Share your dilemmas and get honest opinions from other Mumsnetters.

To want to be a stay home mum?

999 replies

wanttostayathome · 27/10/2021 15:09

So I've got about 6 months left of my maternity leave, and I already know for a fact I don't want to go back. I love being a mum and I want to take another year or two off to raise my baby before she starts school.

Financially, it would be tight and although probably doable we'd have much less disposable income. My DH thinks I should go back for the money and also to have some balance between mum life and the old me.

I however disagree. There's nothing more I want from my life than to raise my baby but I don't know how to approach this conversation with him, as I know my POV isn't the done thing and I should want to be able to juggle career and family.

So, AIBU?

OP posts:
Nyxs · 31/10/2021 18:06

@paloma2

Why does he get to veto her though? Why does she have a lesser say in how they proceed as a family?

Earning a salary doesn’t mean your views matter more.
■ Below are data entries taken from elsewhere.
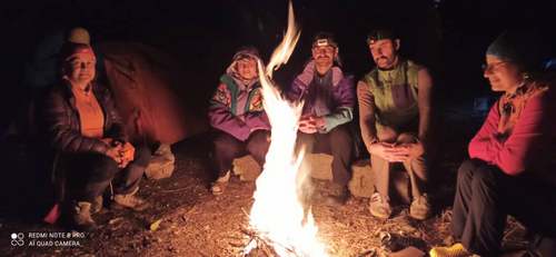 کم کم ستاره ها در آسمان جلوه گری می کردند و با پیدا کردن تکه چوبهای خشک آتشی درست کرده و ساعتی را با همنوردان کنار آن نشستیم و شب خاطره انگیزی را سپری کردیم.
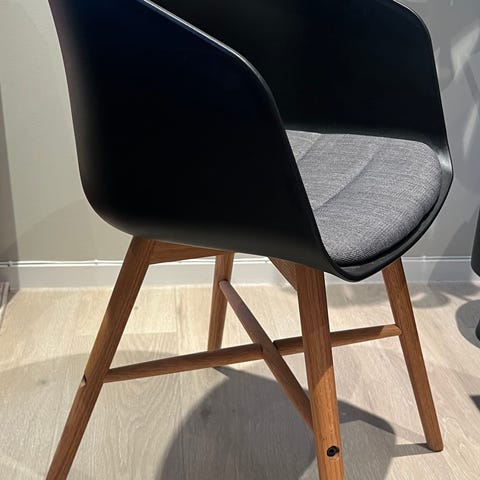 Selges som komplett sett med 4 stoler. Stoffet er lett å holde rent.
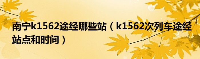 大家好,小育來為大家講解下。南寧k1562途經(jīng)哪些站,k1562次列車途經(jīng)站點和時間很多人還不知道,現(xiàn)在讓我們一起來看看吧!
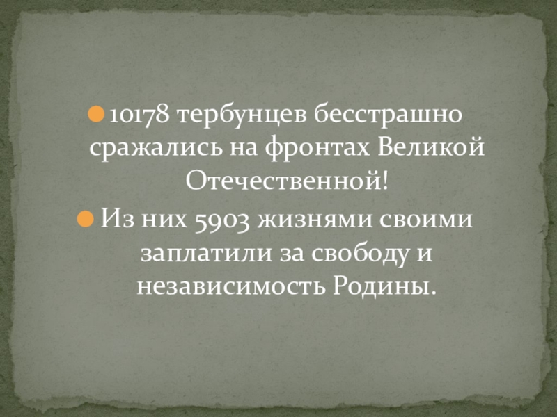 10178 тербунцев бесстрашно сражались на фронтах Великой Отечественной!Из них 5903 жизнями своими заплатили за свободу и независимость
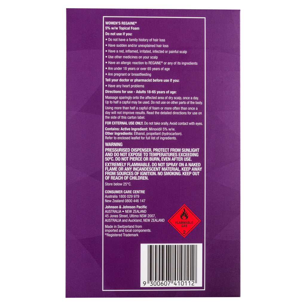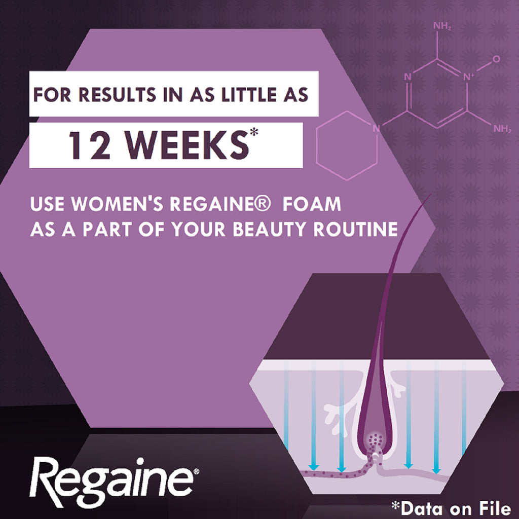 Regrow your hair with Regaine Women's Once A Day Extra Strength Foam. This minoxidil foam reactivates hair follicles to stimulate regrowth. Make this hair loss treatment for women a part of your everyday routine for results you may begin to see in as little as 12 weeks*.Is this suitable for your type of hair loss?Women's Regaine is for women who have general thinning of hair at the top of the scalp (vertex).Women’s REGAINE Foam is:- A once-a-day hair regrowth treatment- Easy to use- Fast drying. This hair loss product doesn’t interfere with your hair care routine.How does Women’s REGAINE Foam work?- Reactivates hair follicles to stimulate regrowth- Increases and prolongs the hair growth phase- Helps grow lhicker hair follicles over time5% minoxidil topical foam w/wThis pack contains a 2 month supply (2 x 60g).*Blume-Peytavi et al. J Drugs Dermatol. 2016;15(7):883-889
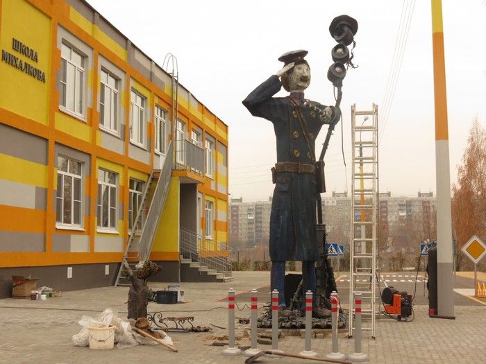 31 октября на территории школы имени Сергея Михалкова в Нижнем Новгороде закончили основные работы по установке скульптуры дяди Степы. После того как автор памятника Сергей Мельников доделает композицию, состоится ее официальное открытие.
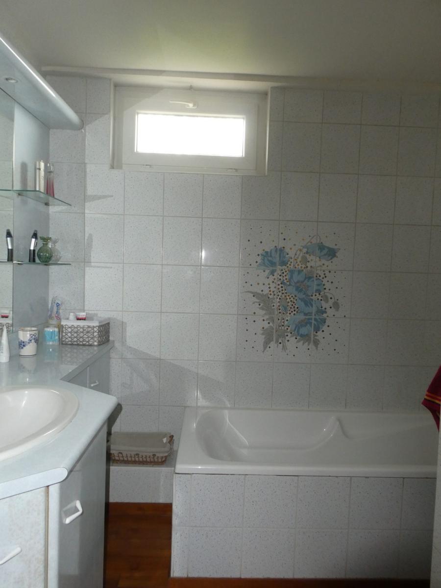 Au premier étage un palier desservant trois chambres dont deux en enfilade avec possibilité de faire un accès indépendant , une salle de bains ( Baignoire et douche) , wc indépendant et grenier aménageable .
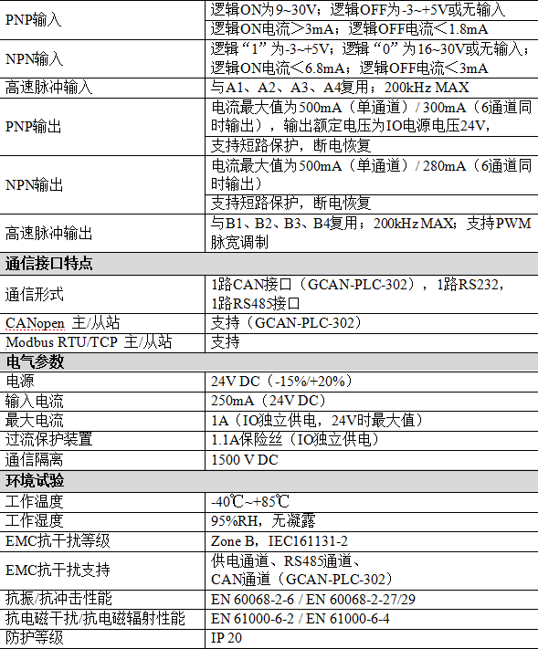 GCAN-PLC-302接口定義
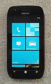 Nokia Lumia 710 is a Windows Phone 7 smartphone.[5] Its release is part of a change in company's direction which has resulted in a shift from Symbian platform towards Windows Phone for smartphones. While the Nokia Lumia 800 and Lumia 900 target the high-end of the smartphone marketplace, the Lumia 610 and Lumia 710 are aimed at the mid-range price point.[6] This generation of Lumia phones ship with Windows Phone 7.5 "Mango". Its design is almost the same as the Symbian Nokia 603, announced just over a week earlier.[7][8]

Because he will carry the full responsibility of earning the money to keep them above water.

If you want to do something buy it lands a huge amount of responsibility on someone else and they don't want the responsibility, you don't get to do it.

DrSbaitso · 31/10/2021 18:08

@paloma2

Why does he get to veto her though? Why does she have a lesser say in how they proceed as a family?

Earning a salary doesn’t mean your views matter more.

They have equal says! And being a SAHP is a joint decision! She could veto doing it if he wanted her to and she wanted to keep working! Either of them can veto it because it has to be something they both agree to!

How do you not understand this? I'd never agree to stay home, or be sole provider, for anyone who saw this the way you do. It's entitled and grossly unfair.

SirChenjins · 31/10/2021 18:10

@paloma2

Are you a man SirChenjins? Presumably your wife wanted to go back to work, so all good.

Would you have forced her back before she was ready though?

What makes you think I’m a man?
paloma2 · 31/10/2021 18:10

‘If you want to do something buy it lands a huge amount of responsibility on someone else and they don't want the responsibility, you don't get to do it.’

Imagine if a woman came home from the hospital and announced - ‘sorry, you’ve made me have this baby and I’ve decided, on balance, I don’t want the responsibility. I dint want to be the ‘sole carer’ while you’re at work. So glad we had this discussion. I’ll be off then. Deal with it....’

SirChenjins · 31/10/2021 18:12

@paloma2

‘If you want to do something buy it lands a huge amount of responsibility on someone else and they don't want the responsibility, you don't get to do it.’

Imagine if a woman came home from the hospital and announced - ‘sorry, you’ve made me have this baby and I’ve decided, on balance, I don’t want the responsibility. I dint want to be the ‘sole carer’ while you’re at work. So glad we had this discussion. I’ll be off then. Deal with it....’

That makes literally no sense at all- you need a better comparison.
DrSbaitso · 31/10/2021 18:13

@paloma2

Are you a man SirChenjins? Presumably your wife wanted to go back to work, so all good.

Would you have forced her back before she was ready though?

You'd force a man to take on a huge financial responsibility if he didn't want to, so who are you to talk?

If it's such a piece of piss, why are you so anxious not to do it?

Why do all your "vetos" and "forcing" work only only way?

At least own the fact that you clearly do not believe having a SAHP should be a joint decision and is instead something that women have a right to foist on men, however they feel about it.

You're exactly like those men who say their wives who stay home are lazy and just doss all day, then run away every time they're expected to do any of this easy childcare non-work. I can't believe that you don't see it.

SpinsForGin · 31/10/2021 18:15

Imagine if a woman came home from the hospital and announced - ‘sorry, you’ve made me have this baby and I’ve decided, on balance, I don’t want the responsibility. I dint want to be the ‘sole carer’ while you’re at work. So glad we had this discussion. I’ll be off then. Deal with it....’

What??

SpinsForGin · 31/10/2021 18:17

paloma2
You clearly believe in very defined gender roles. Most people don't subscribe to that way of thinking anymore.

paloma2 · 31/10/2021 18:17

But she’s not vetoing him. He wants her to go back to work before she’s ready. So she feels she has no choice.

Again, why do his financial concerns take precedence over her concerns for the well-being of her child? She’s not thinking about herself here.

SirChenjins · 31/10/2021 18:22

The well-being of the child will be paramount to him I’m sure - just as it is for all of us parents who work outside the home. Financial concerns can’t be dismissed though - they impact upon the whole family.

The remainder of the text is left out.